In a previous meditation, The Rhythm of Attention, I wrote,
How we envision time can determine how we make use of time, how we navigate via the clock and the calendar, and how we find our place in it.
Circumstances can conspire to disrupt our own rhythm of time. The most obvious disruption is when we feel that we have too much to do, that we lack sufficient time to accomplish all that we need to do. This turns out to be a universal, and growing, conviction.
In recent years, the concept of 'time poverty' has arisen as one factor in the paradox identified by Richard Edelin in the 1970s: while economic growth in the U.S. had steadily grown, people's level of happiness had not. In particular, even people with growing affluence expressed being time poor. Researchers Laura M. Giurge, Ashley V. Whillans, and Colin West define it this way:
Defined as the chronic feeling of having too many things to do and not enough time to do them, time poverty is increasing in society. Data from the Gallup US Daily Poll – a nationally representative sample of US residents– shows that, in 2011, 70% of employed Americans reported that they “never had enough time,” and in 2018, this proportion increased to 80%.
The authors point out the dangers of chronic time poverty, which "is linked to lower well-being, physical health, and productivity". This is one of the preconditions of burnout, which has become endemic in the modern workplace.
We are all, in a sense, fighting for time. Both in the work-a-day sense of trying to find time enough to do our work, and balance that with downtime with family and friends, staving off the deleterious effects of time poverty.
Paul Graham is the source of the distinction between the maker’s and manager’s schedules:
The manager's schedule is for bosses. It's embodied in the traditional appointment book, with each day cut into one-hour intervals. You can block off several hours for a single task if you need to, but by default, you change what you're doing every hour.
Most powerful people are on the manager's schedule. It's the schedule of command. But there's another way of using time that's common among people who make things, like programmers and writers. They generally prefer to use time in units of half a day at least. You can't write or program well in units of an hour. That's barely enough time to get started.
I generally recast Graham's distinction slightly, downplaying the creator v manager angle, and shifting to the different kinds of time rhythm that we all toggle between. So, me-time versus we-time:
- Me-time is when individuals are focused on deep work -- writing, thinking, programming, planning, designing -- it's just someone working alone with the tools and artifacts of their trade.

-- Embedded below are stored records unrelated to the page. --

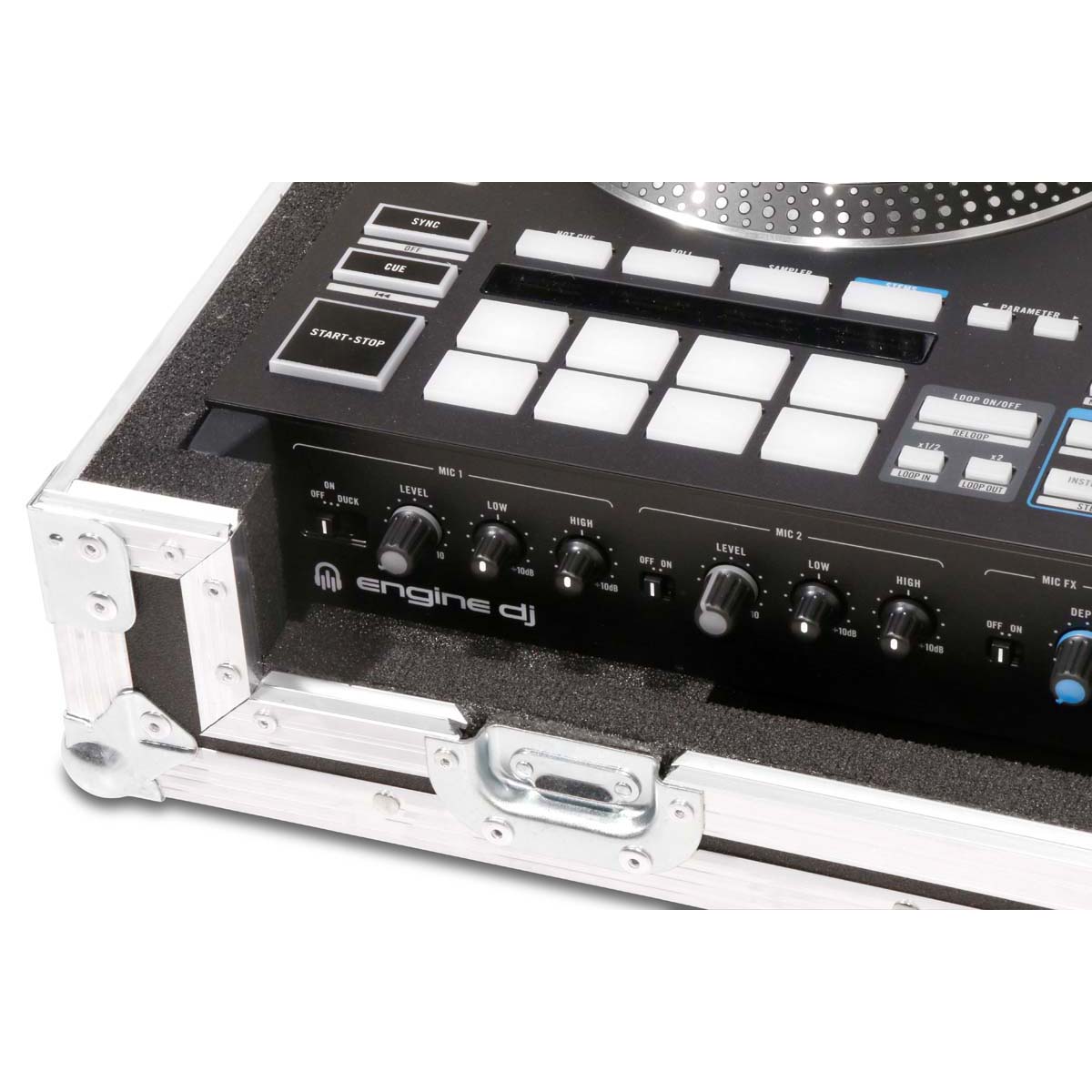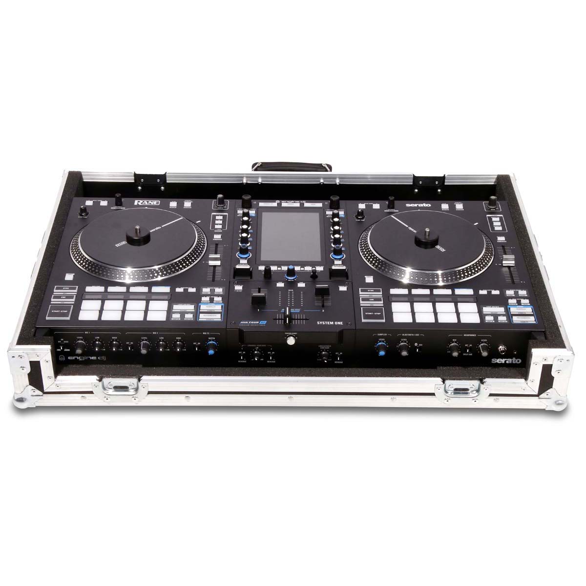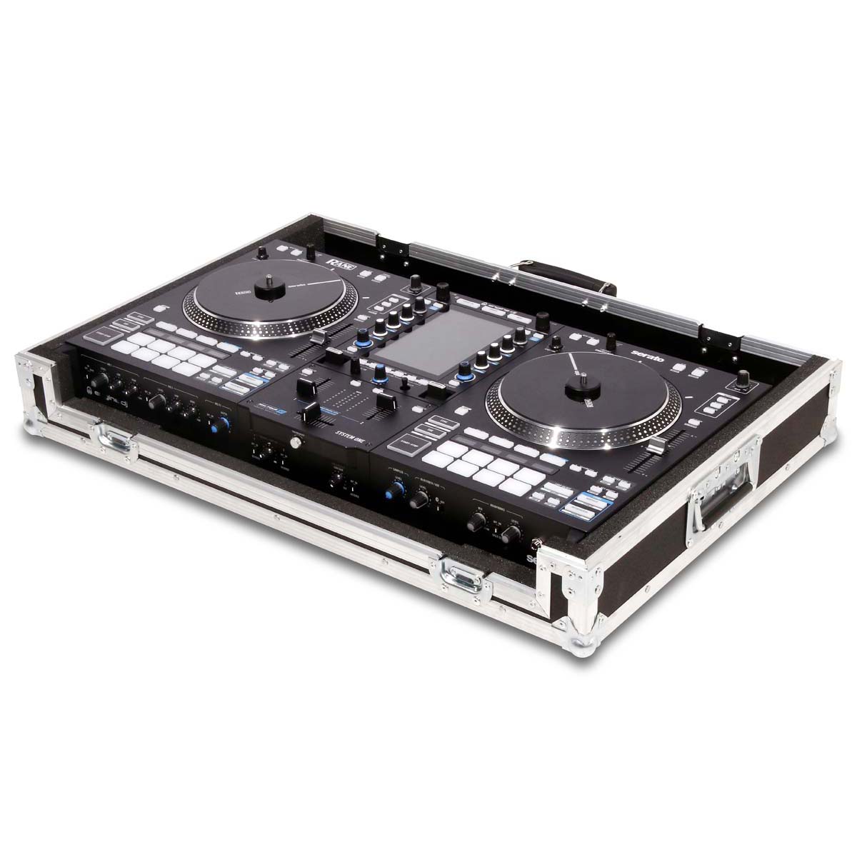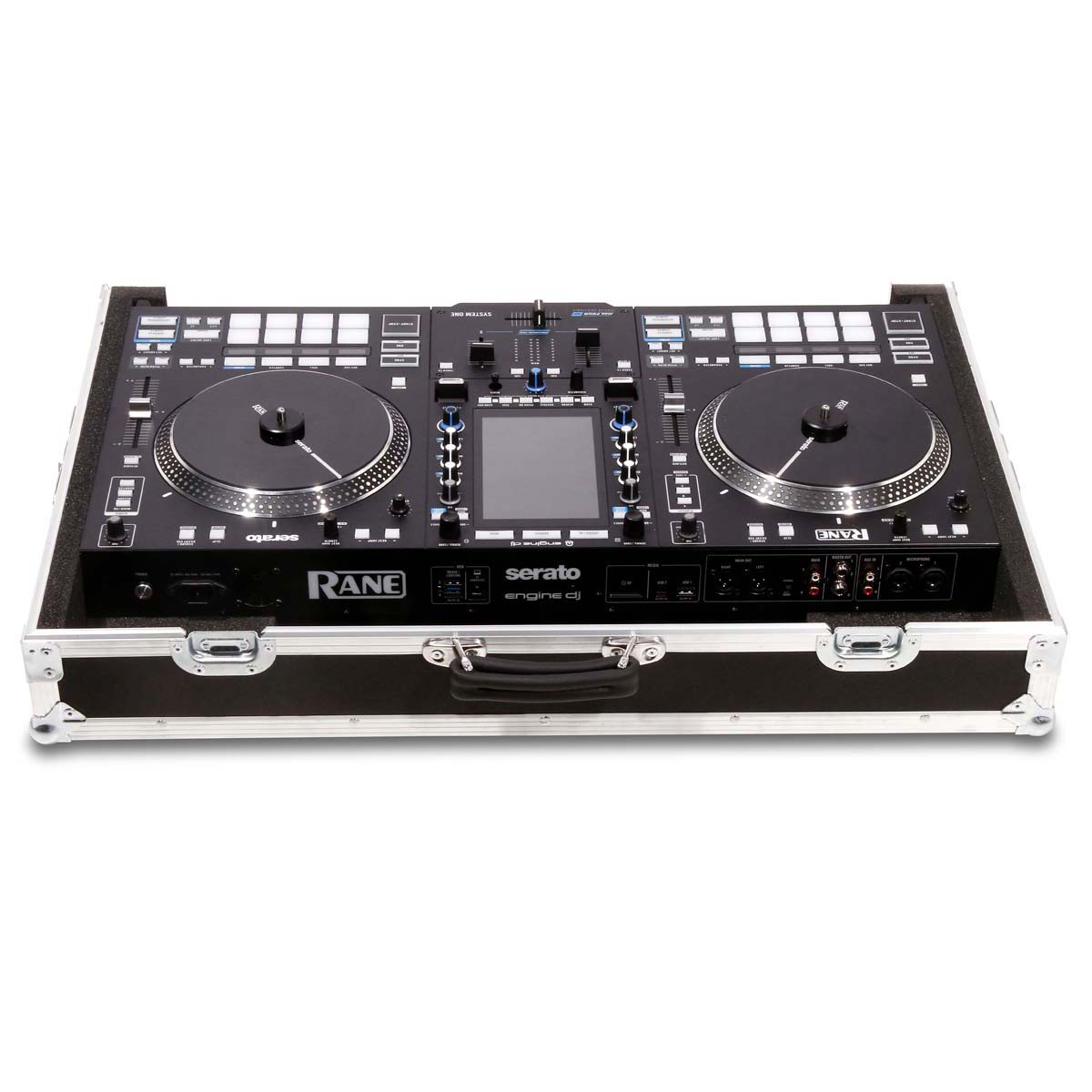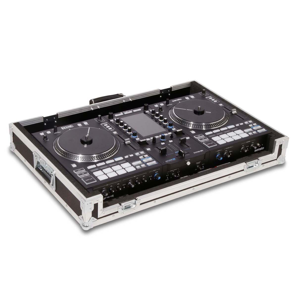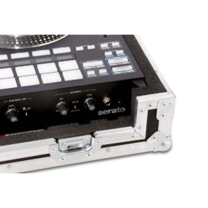 Professionele console voor de Rane System One controller, ontworpen voor veilig transport en handig gebruik in DJ- of eventomgevingen. De controller rust in een op maat gemaakte schuimrubberen voering en kan direct vanaf de onderkant van de koffer worden bediend.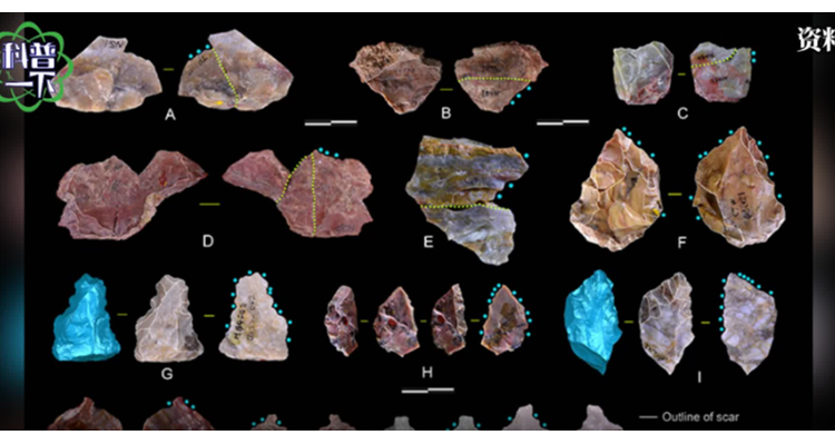 在论文中,中国科学院广州地球化学研究所研究员朱照宇等人详细描述了黄土高原新的上陈遗址的黄土-古土壤地层序列S15至L28层段中发现的早更新世石块,其中82个被打击过,14个未经打击。被打击过的石块包括石核、石片、刮削器、尖状器、钻孔器和手镐——这些都是古人类早期使用工具的证据。作者还在文中介绍了两枚有打击痕迹的石锤。此外,科学家在该区域的地质挖掘探槽中还发现了鹿的下颌骨断块、牛科动物和其他动物的骨骼化石碎片。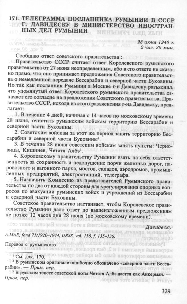 Телеграмма посланника Румынии в СССР Г. Давидеску в Министерство иностранных дел Румынии. 28 июня 1940 г. // А.МАЕ, fond 71/1920-1944, URSS, vol. 136, f. 135-136.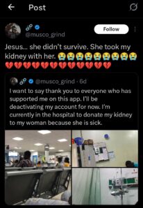 “Jesus, she didn’t survive. She took my kidney with her. 😭💔,” he posted, expressing his deep grief.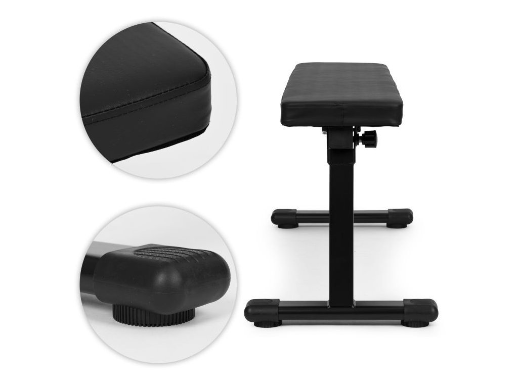 - Protišmykové pätky s gumovou povrchovou úpravou zabezpečujú stabilitu a bezpečnosť počas cvičenia, dokonca aj na klzkých povrchoch. Okrem toho chránia podlahu pred poškriabaním, čo zvyšuje komfort používania lavičky v domácich podmienkach.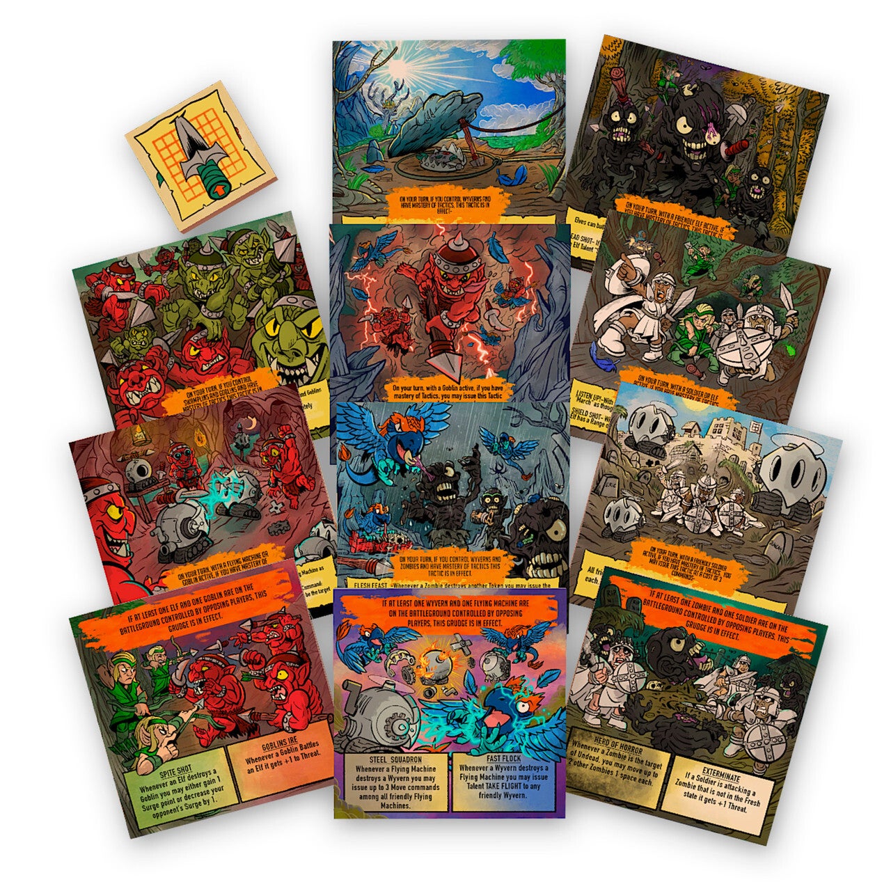 In Token Terrors: Battlegrounds, two players each draft an army of 10 Token Terrors from a variety of factions, and use them to completely eliminate their opponent's army on the 7x7 battleground grid. Through strategic movement, well-timed attacks and clever use of each factions' unique abilities, one army will conquer the Battleground, and reign victorious.
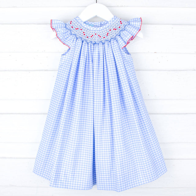 Patriotic Blue Gingham Geo Smocked Angel Sleeve Dress

- We-time is when we are involved in communications with others -- meetings, calls, and working sessions; 1:1 or 1:many -- where the focus of the participants is split between the topic at issue (like discussing a project) and the many social aspects of the interaction (negotiation, arguing for and against ideas or propositions, establishing how the project will impact the project participants, and other social aspects of the topic at issue).
There is tension between these two very different sorts of time orientation. First of all, the different rhythms are rivalrous: you can't be in both rhythms at once. Second of all, they involve different sorts of thinking.
Instead of considering this tension as just moving from one time slot to another on your calendar, let's think of it as two different operating strategies, divided by a mind shift.
Moving from one rhythm to the other involves a shift in priorities -- in values -- more than just switching from one task to another. It's not just “what am I doing next?”, but “what do I put a higher value on: the me-work that defines my role and identity, or the we-work that involves coordinative and cooperative work?”
Yes, we-work is valuable, but its primary value should come from its scarcity. We should seek to minimize we-time to take up as little time as necessary. For one reason, its financial costs rise at least at a linear rate based on the number of people involved. And a second reason: every minute engaged in we-time -- for the individual -- is a minute of me-time lost forever. And me-time is the overwhelming source of value creation for the business.
Once we understand the real difference between these two rhythms the next question is how much time do you spend on each, and how much does it “cost” to switch from one to another?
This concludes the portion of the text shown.